But now I'm thinking, our hardware is still in assembly so we're running all these tests on Keil MCB1800 evaluation board. Unfortunately, the LPC1857 installed on this board has the initial HW revision which, according to errata, has some issues with APB bus bridge peripherals. It's not specified that there could be some interactions while using both controllers simultaneously. And, by precaution, we don't use any other peripherals while doing CAN tests. Do you think this issue can be related to this HW bug?
Update. The extra frames issue seems to come from Rx side. Checking the IDs before transmitting give me the wrong ones (0xE8, 0xF8 etc). Some kind of partial overwrite in Rx message-object, is this possible?
Another thing, probably not related to this. This is from NXPs SetMsgObject function but CMSIS driver uses a similar mechanism.
My problem, while running tests this if() is never false, every time it is a standard ID and the bit 30 is never set.

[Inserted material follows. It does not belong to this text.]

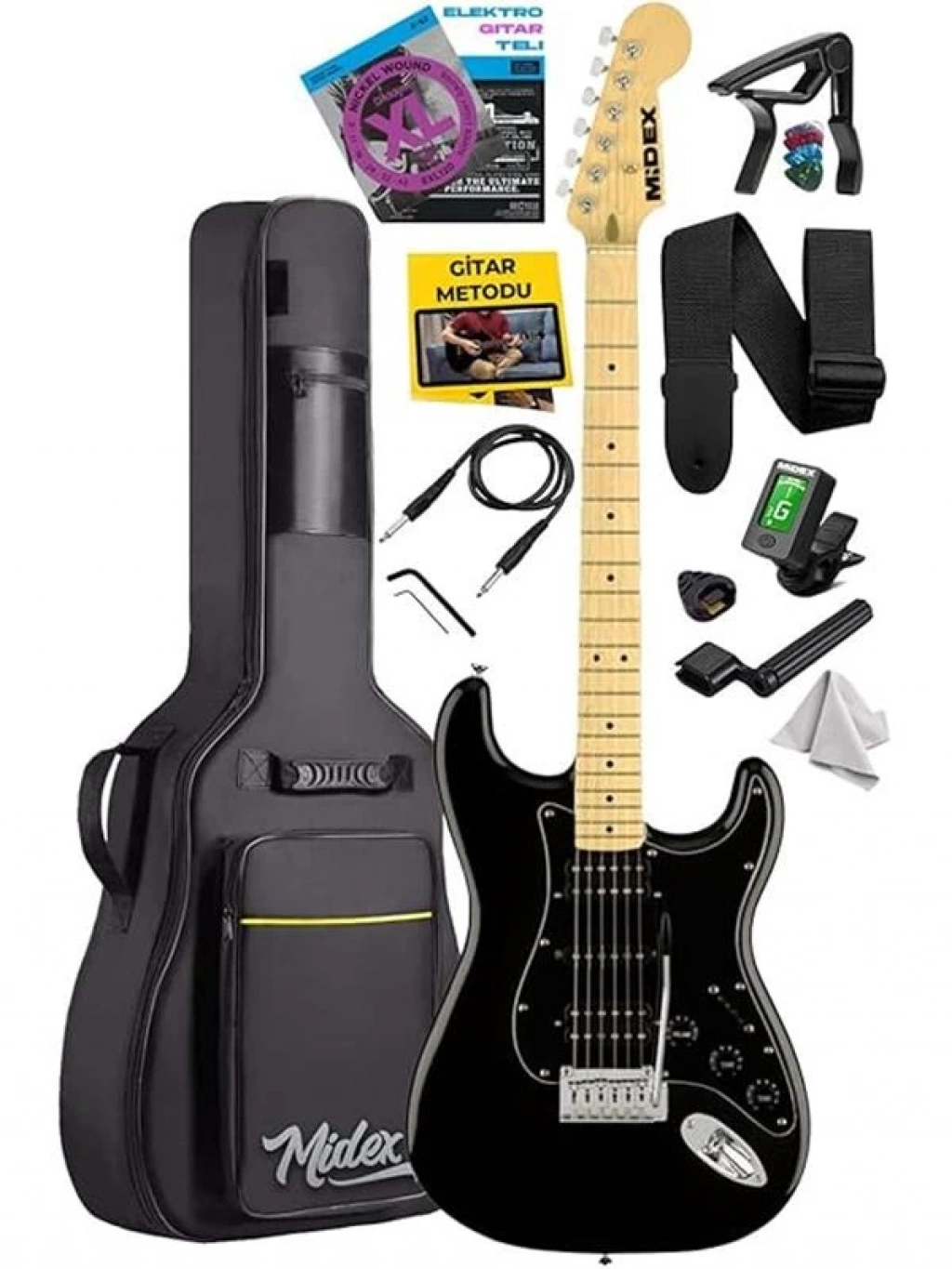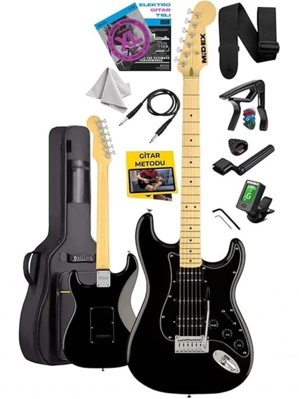 Bu ürün hakkında RPH40BK Full Black Elektro Gitar Seti HSH Manyetik Gül Klavye

For test purposes I had to use if (pMsgObj->id <= 0x7FF) but it shouldn't be like this. In my case the pMsgObj->id contains the real ID, like extended ID 0x100A00 so 0x100A00 & 0x40000000 will be always 0. Is there any additional step to mark the incoming frames as extended ID?
Thanks again!
I think with repeated IDs you are actually having a problem with reception happening while you are starting a transmission.
I think you will have to either use FIFO or use a message queue (or some other array) for buffering received messages.

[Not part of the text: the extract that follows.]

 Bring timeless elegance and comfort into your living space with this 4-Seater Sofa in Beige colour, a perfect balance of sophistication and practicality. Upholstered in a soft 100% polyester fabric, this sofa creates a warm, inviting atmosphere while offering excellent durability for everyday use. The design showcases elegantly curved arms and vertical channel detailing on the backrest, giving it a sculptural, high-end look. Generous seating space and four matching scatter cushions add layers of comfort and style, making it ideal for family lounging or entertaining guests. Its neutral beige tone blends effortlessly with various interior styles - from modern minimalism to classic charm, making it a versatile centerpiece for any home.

If you can receive all messages when you are only testing the reception then you have to ensure they are buffered before you try to send them otherwise some overwrite will happen as it seems is happening in your case.
I don't think this is a hardware issue.
It looks like at some point there are very short times between two messages thus new message is received before previous wan was loaded for transmission thus new data was read from new received message and then loading for transmission continues with now changed data.

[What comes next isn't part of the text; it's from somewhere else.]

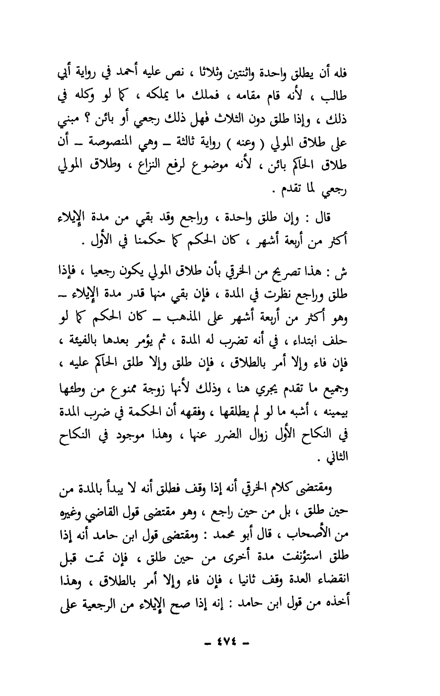 ش: هذا تصريح من الخرقي بأن طلاق المولي يكون رجعيا، فإذا طلق وراجع نظرت في المدة، فإن بقي منها قدر مدة الإيلاء - وهو أكثر من أربعة أشهر على المذهب - كان الحكم كما لو حلف ابتداء، في أنه تضرب له المدة، ثم يؤمر بعدها بالفيئة، فإن فاء وإلا أمر بالطلاق، فإن طلق وإلا طلق الحاكم عليه، وجميع ما تقدم يجري هنا، وذلك لأنها زوجة ممنوع من وطئها بيمينه، أشبه ما لو لم يطلقها، وفقهه أن الحكمة في ضرب المدة في النكاح الأول زوال الضرر عنها، وهذا موجود في النكاح الثاني.

About the extended frame, as you can see in the piece of code you posted it seems that bit 30 is a flag specifying the extended frame, because you need a way to differentiate standard IDs and extended IDs.
To specify extended frame your ID should have bit 30 set to 1.
Your ID 0x100A00 would be specified as 0x40100A00.
I couldn't stop thinking about how both specific IDs were affected. I can understand the eventual timing issue between Tx and Rx but why only these 2 and only on CAN2? So today I ran the same load test on out previous LPC1756 hardware. Guess what? Got the same result after 100K+ frames. Different hardware, different CAN driver architecture but same canalyzer. So I put the logic probes on both CAN channels to see what exactly is going on.
Here it is, the bottom is CAN2 the top is CAN1 (btw, do you see how ridiculously small is the timing between frames?)
As you can see, at the moment when canalyzer sends 0x0C2 from CAN2 channel, it also sends the 0x0E1 from CAN1 channel. And somehow the data is mixed, the CAN1 frame data goes to CAN2 frame data. We use a quite expensive muti-protocol tool and this is clearly a bug on their side, nothing to do with us. Same is happening to those extra IDs, this time the tool messes with ID only, I can see them physically present on the CAN bus. Once more, nothing related to CAN driver.
So my guess this is it, all works as expected.
Look, without breaking the privacy policies I'd like to reach you to express our gratitude. Without your help and your knowledge, this project would take awhile to achieve, non-working CAN was the blocking issue. Thank you very much!
The space between frames is so called 'interframe space' and it needs to be minimum 3 bits long, so, yes, very short space between.
I'm very happy you managed to solve the problem, and that I was able to help.
Don't worry about expressing your gratitude, a simple thank you is just fine :-)